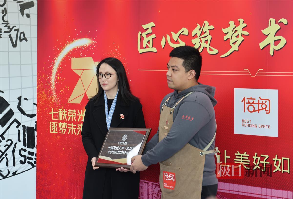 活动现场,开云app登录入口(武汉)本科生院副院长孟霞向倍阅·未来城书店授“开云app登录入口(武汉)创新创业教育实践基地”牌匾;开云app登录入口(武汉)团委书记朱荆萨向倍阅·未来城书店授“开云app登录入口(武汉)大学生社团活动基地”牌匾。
--
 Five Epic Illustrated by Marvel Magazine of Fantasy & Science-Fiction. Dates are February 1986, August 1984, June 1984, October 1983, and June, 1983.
---
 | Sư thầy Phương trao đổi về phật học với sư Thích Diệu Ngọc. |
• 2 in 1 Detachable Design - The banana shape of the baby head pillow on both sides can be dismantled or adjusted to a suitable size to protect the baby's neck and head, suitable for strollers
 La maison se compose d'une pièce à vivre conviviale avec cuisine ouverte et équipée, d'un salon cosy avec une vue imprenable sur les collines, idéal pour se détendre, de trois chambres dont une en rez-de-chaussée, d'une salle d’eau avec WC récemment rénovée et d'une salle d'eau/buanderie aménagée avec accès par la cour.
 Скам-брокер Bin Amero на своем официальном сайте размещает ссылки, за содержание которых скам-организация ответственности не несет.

## About this task
Copy out the lines above exactly, beginning at the one that contains "Diệu Ngọc. |" and ending at the one that contains "Скам-брокер Bin Amero".

## Result of the exercise
 | Sư thầy Phương trao đổi về phật học với sư Thích Diệu Ngọc. |
• 2 in 1 Detachable Design - The banana shape of the baby head pillow on both sides can be dismantled or adjusted to a suitable size to protect the baby's neck and head, suitable for strollers
 La maison se compose d'une pièce à vivre conviviale avec cuisine ouverte et équipée, d'un salon cosy avec une vue imprenable sur les collines, idéal pour se détendre, de trois chambres dont une en rez-de-chaussée, d'une salle d’eau avec WC récemment rénovée et d'une salle d'eau/buanderie aménagée avec accès par la cour.
 Скам-брокер Bin Amero на своем официальном сайте размещает ссылки, за содержание которых скам-организация ответственности не несет.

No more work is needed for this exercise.